* _WHAT THIS TASK INVOLVES_
Begin at the line below that holds "Church Families- If" and end at the line that holds "OEM-udskiftning Jahrriesnge red", transcribing each line exactly and skipping any picture.
** Opening SUPPLIED MATERIAL block **
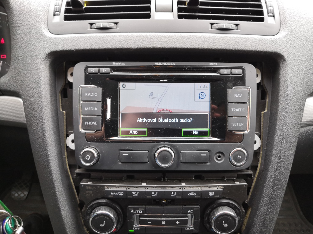 Vemte náhradu GPS anténu: 297103 FAKRA9 – AGP-103 GPS vnitřní anténa FAKRA 90°konektor Přilepte na modul oboustranou lepenku. Nalepte ji na horní část modulu. Protáhněte kabel kolem průduchu ventilace. Přilepte modul ze spoda na palubovku na rovný povrch, až za pozici kaslíku s výduchy. Modul musí být nalepen směrem vzhůru. Pokud ho nalepíte vzhůru nohama je to špatně a nebude snímat satelity.
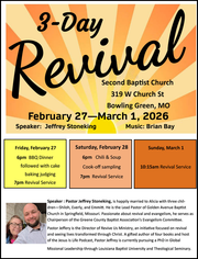 Church Families- If you have a special event coming up at your church and would like it put in the SRBA newsletter or placed on our website, please forward us a flyer. You can send it by mail, e-mail, or just drop it off at the SRBA office. Please have information to us by the second Monday of each month for the following month’s newsletter.
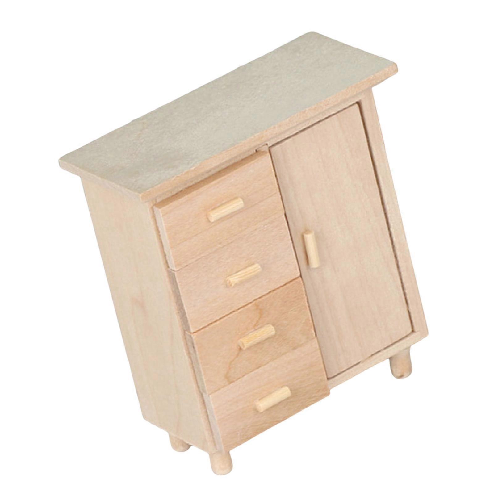 4 Drawer Vintage Dollhouses Cabinet 1/12 Scale Chestnut Wooden Storage Unit Mini Furniture Log Color
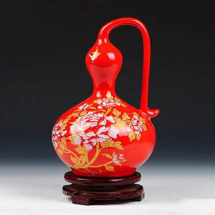 OEM-udskiftning Jahrriesnge red peony gourd vase cna0688 Porcelæn
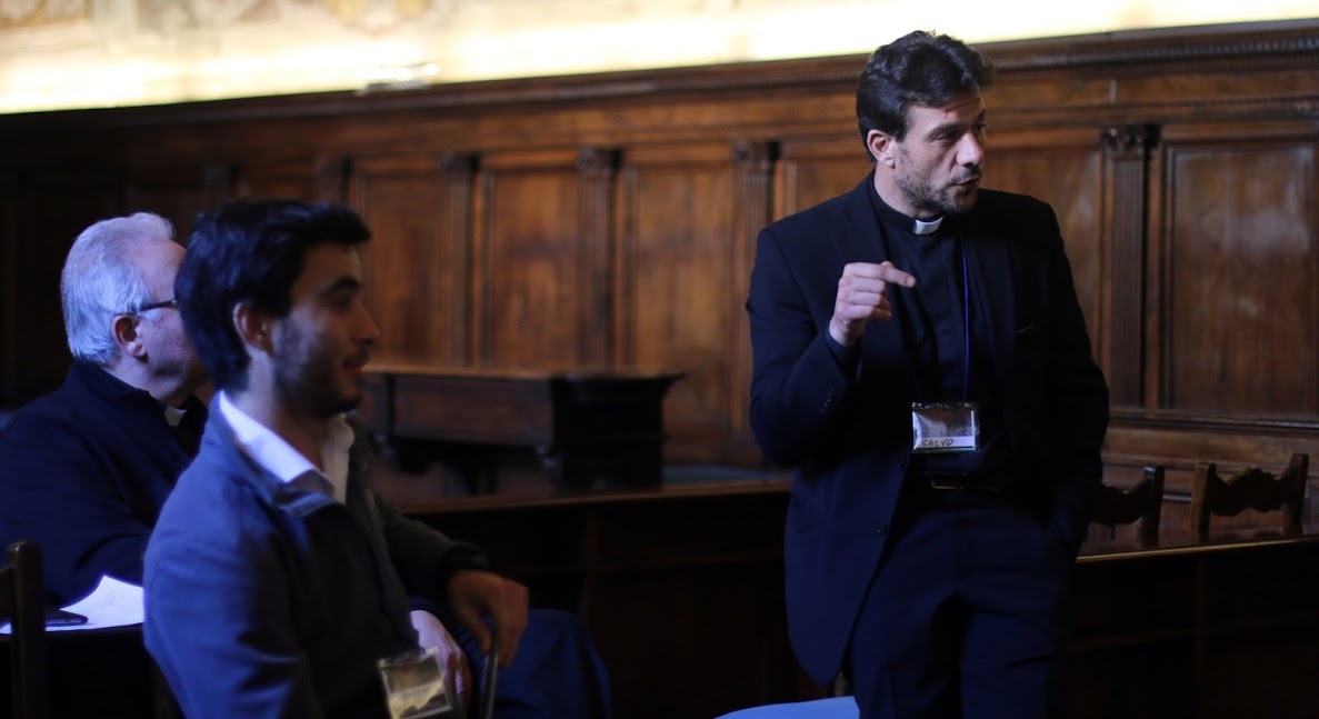 È il 30 aprile, vigilia della festa di san Giuseppe lavoratore, e la Provincia d’Italia si attiva per riflettere, pregare, celebrare la paternità e il lavoro con il santo sposo di Maria. Sono tanti i compagni gesuiti coinvolti a vario titolo. Diversi sono presenti “in video” nelle interviste proiettate in continuo nella sala ipogea (p. Giovanni Cucci sj, p. Emanuele Iula sj, p. Federico Lombardi sj, p. Vincent Magri sj, p. Gaetano Piccolo sj, p. Antonio Spadaro sj, p. Giuseppe Trotta sj, ma anche Leonardo Becchetti, Stella Morra, Eva Osterman e il vescovo di Bologna, Matteo Zuppi). P. Pino Piva jr sj anima tre momenti di preghiera nella cappella dell’Assunta (con Fabrizio Natali sj, Daniele Ferron sj e Andrea Bonavita sj alla musica). P. Vincenzo Anselmo sj e Andrea Monda riflettono sulla paternità “tra Abramo e il cinema” nell’antica sacrestia. In contemporanea nella sala Assunta si parla di migrazioni e rifugiati con p. Alessandro Manaresi sj, Luigi Territo sj e un rifugiato del Centro Astalli. P. Beppe Bertagna sj è pronto a dirigere una dinamica attiva tra figli, genitori e nonni. Nelle pause tra le diverse attività il maestro Daniele Proni offre un concerto d’organo con musiche di Frescobaldi, Zipoli e Händel.
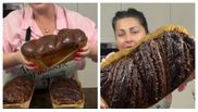 - Acum o să vă arăt cum o să împletesc și cozonacul tradițional. Întind foaia cam de 1 centimetru, ca și la Babka venim cu un strat generos de ciocolată pe care îl presăm bine și nucă. Acum secționăm la jumătate, părți pe care le rulăm, închiderea trebuie să fie dedesubt, împletim, îi punem pe foaia de copt și în tavă, iar acum o să îi las aproximativ 50 de minute la dospit, învelit în pungă și băgat la cuptor la 30 de grade.
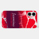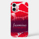 Estuche de iphone con estampado animal brillante en audaces tonos rojo, blanco y violeta. Personaliza este elemento con tu nombre completo. Este ejemplo actualmente dice: Jasmina Henderson. © Diseño original del patrón de Sarah Trett, se basa en el patrón encontrado en una jirafa con un superpuesto de media tonalidad moiré punto de ganancia.
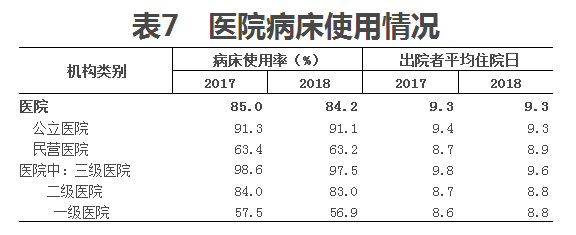 (三)病床使用。2018年,全國醫(yī)院病床使用率84.2%,其中:公立醫(yī)院91.1%。與上年比較,醫(yī)院病床使用率下降0.8個百分點(其中公立醫(yī)院下降0.2個百分點)。2018年醫(yī)院出院者平均住院日為9.3日(其中:公立醫(yī)院9.3日),醫(yī)院出院者平均住院日與上年持平(見表7)。
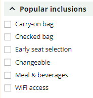 Select from the list of popular preferences to restrict flight results to those flights that offer these amenities.
** Closing SUPPLIED MATERIAL block **
* _REPLY TO THE EXERCISE_
 Church Families- If you have a special event coming up at your church and would like it put in the SRBA newsletter or placed on our website, please forward us a flyer. You can send it by mail, e-mail, or just drop it off at the SRBA office. Please have information to us by the second Monday of each month for the following month’s newsletter.
 4 Drawer Vintage Dollhouses Cabinet 1/12 Scale Chestnut Wooden Storage Unit Mini Furniture Log Color
 OEM-udskiftning Jahrriesnge red peony gourd vase cna0688 Porcelæn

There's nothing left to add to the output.